With the reimposition of secondary US sanctions on Iran, this country is now faced with issues such as receiving money for its oil exports. The Head of the Iran-China Chamber of Commerce and Industry has announced that China will only pay 35-40 percent of Iran’s oil sales to this country in money and will barter trade the balance, and Iran has no options but to sell oil to China.
Are the Chinese kicking Iran while it is down? With these prospects, is Iran’s strategy of looking to the East the right one?
Mohsen Shariatinia, Professor of political sciences at Shahid Beheshti University and researcher on Asia, told Persia Digest (PD): “This is more Iran’s problem rather than China’s. Because there are no banks through which Iran can receive the money for its oil exports. Transferring Iran’s petrodollars is now an impossibility.”

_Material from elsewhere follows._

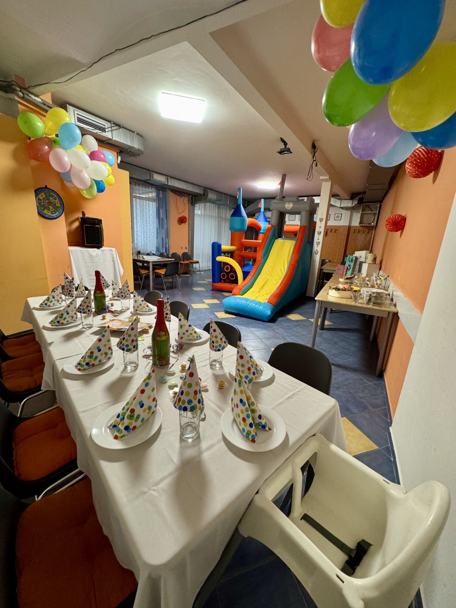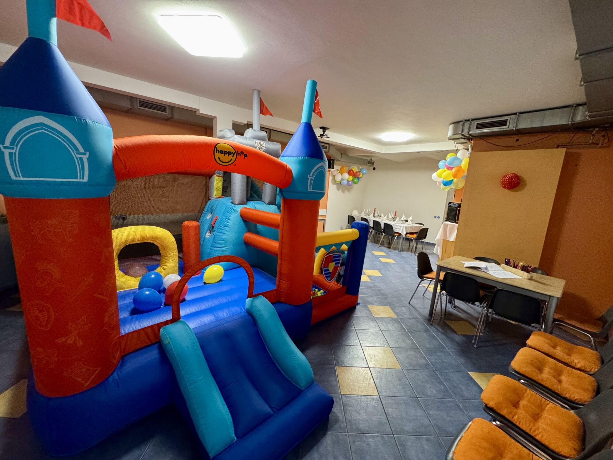 - Pronájem salónku + skákací hradChcete si prostory nazdobit samy?Není problém, prostor bude připraven pouze dle počtu osob a skákací hrad nachystán. Tzn, bez balónkové výzdoby a stolování. Po ukončení akce bude vybavebí vráceno do původního stavu, ve kterém jste jej převzali. Cena: 3000Kč PS: možnost zapůjčení nádobí či příborů dle ceníku
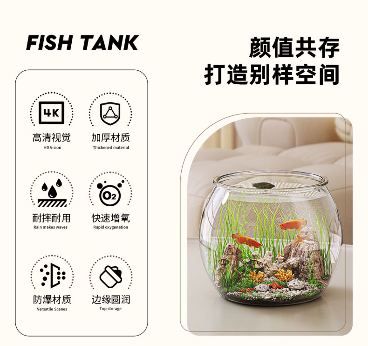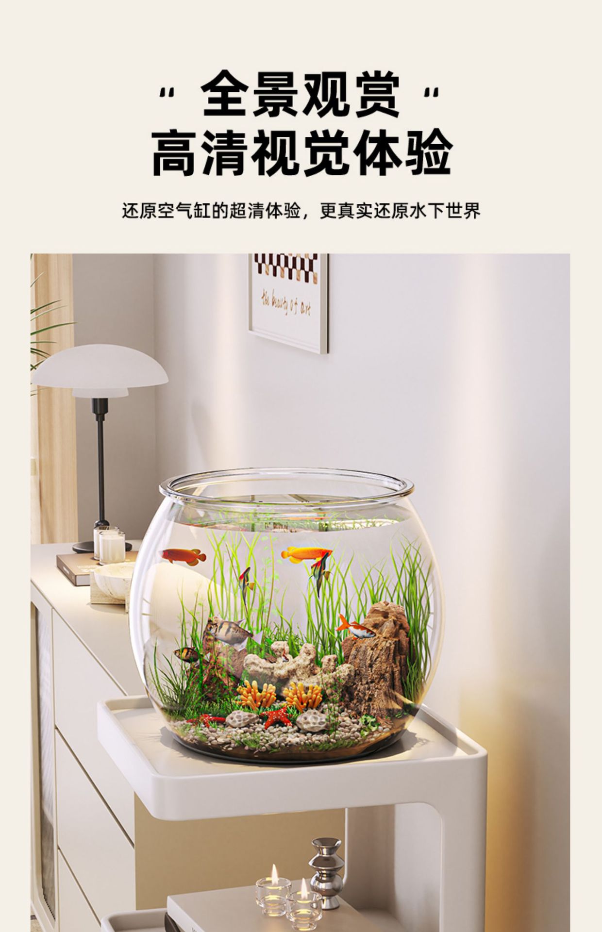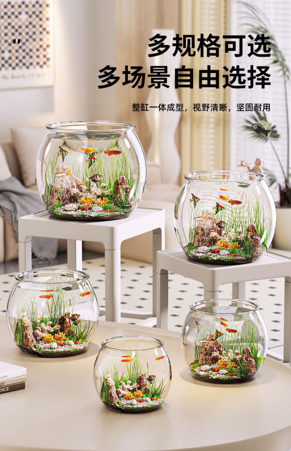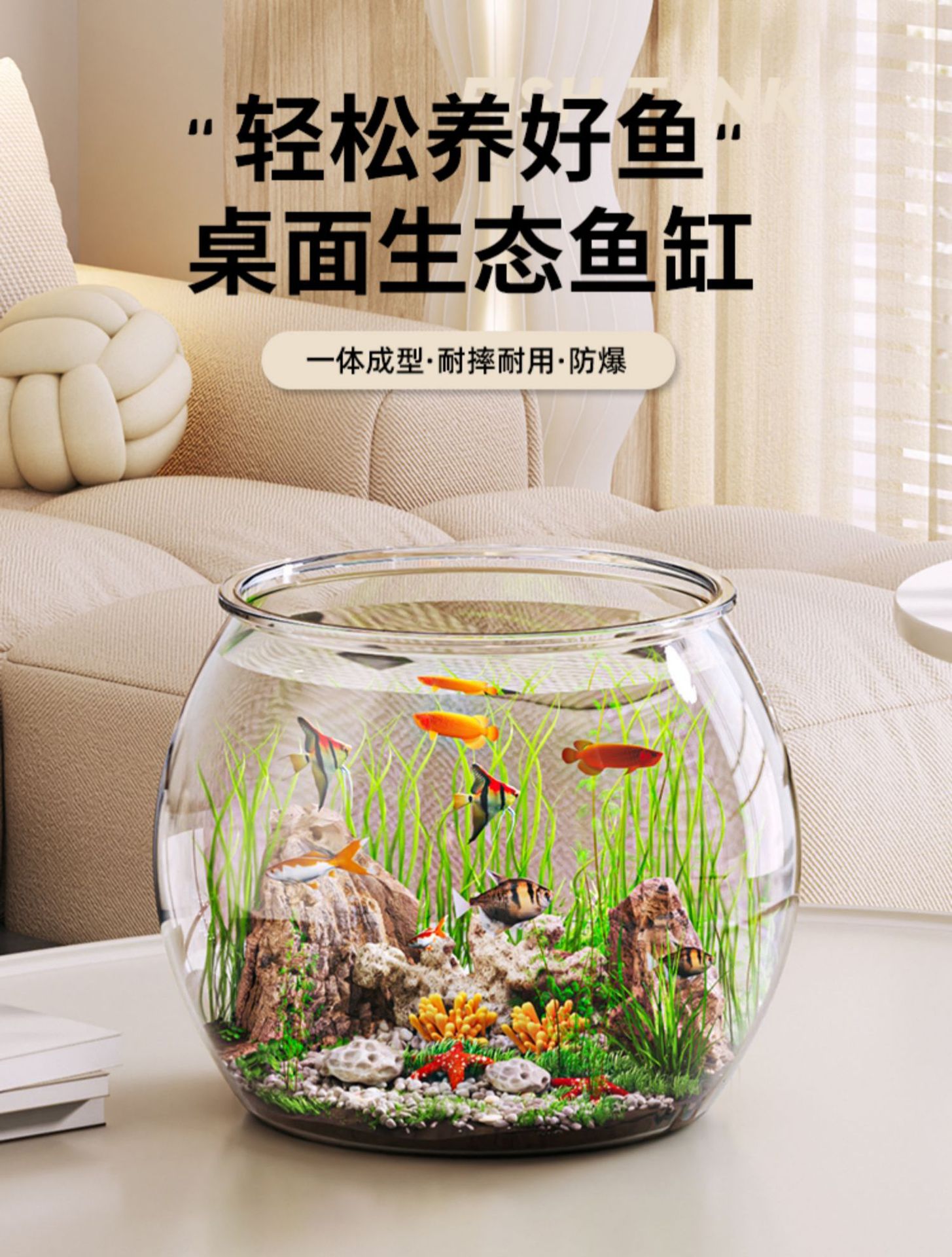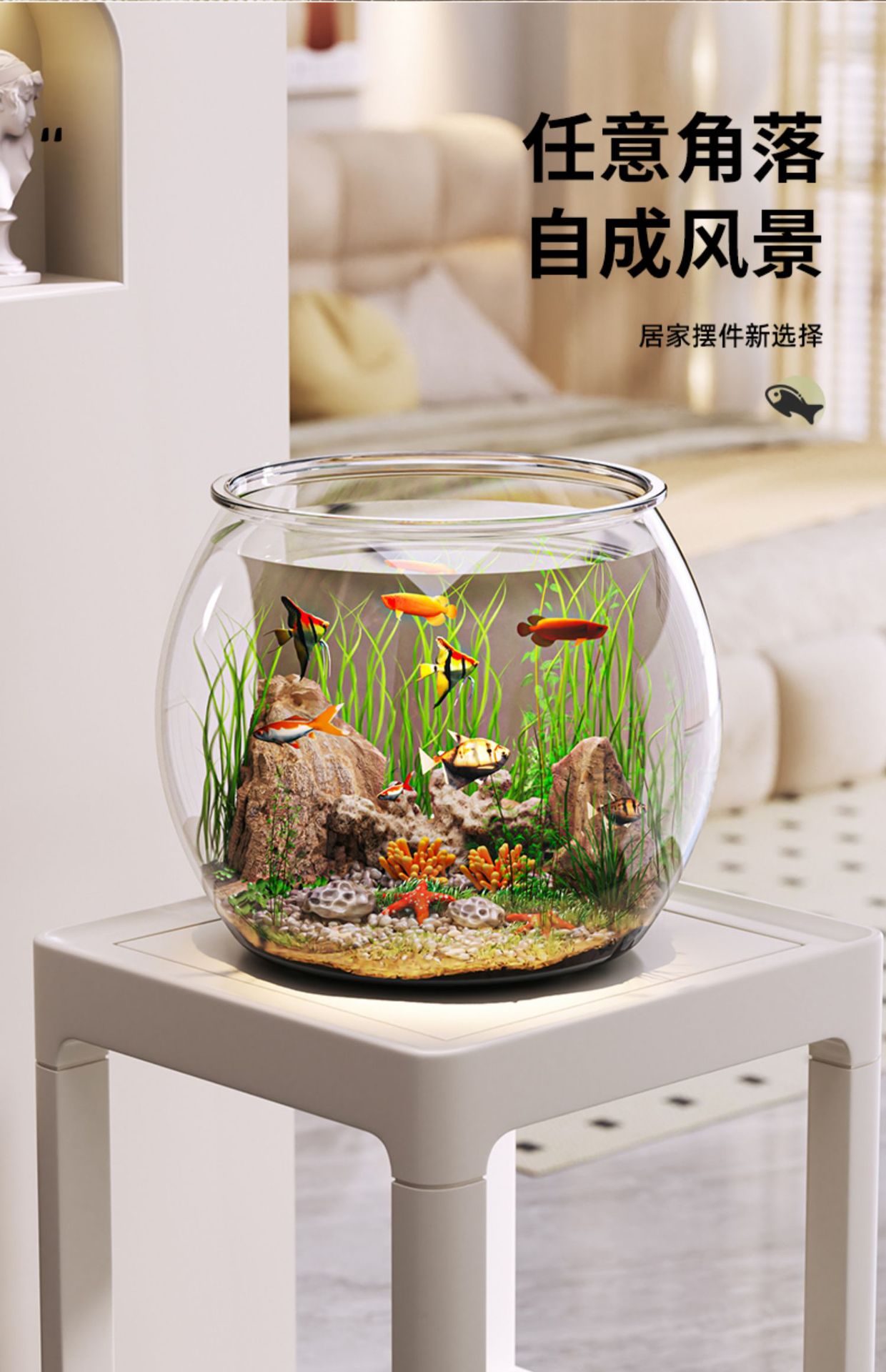 탁상용 생태 어항, 내구성이 뛰어나고 깨지지 않는 플라스틱 원형 가정용 금붕어 사육 어항, 미니어처 수족관스토어 가기

He added: “Forty percent of Iran’s goods are imported from China and the government settles its accounts with its oil sales. China is Iran’s biggest oil customer. But, with the return of financial sanctions, there are no banks willing to make this transfer for Iran. This problem is also seen in other countries, including Iraq and Sri Lanka.”
Shariatinia reiterated: “The volume of trade between Beijing and Tehran is less than one percent of China’s entire foreign trade. This figure is not large enough for China to play such a game.”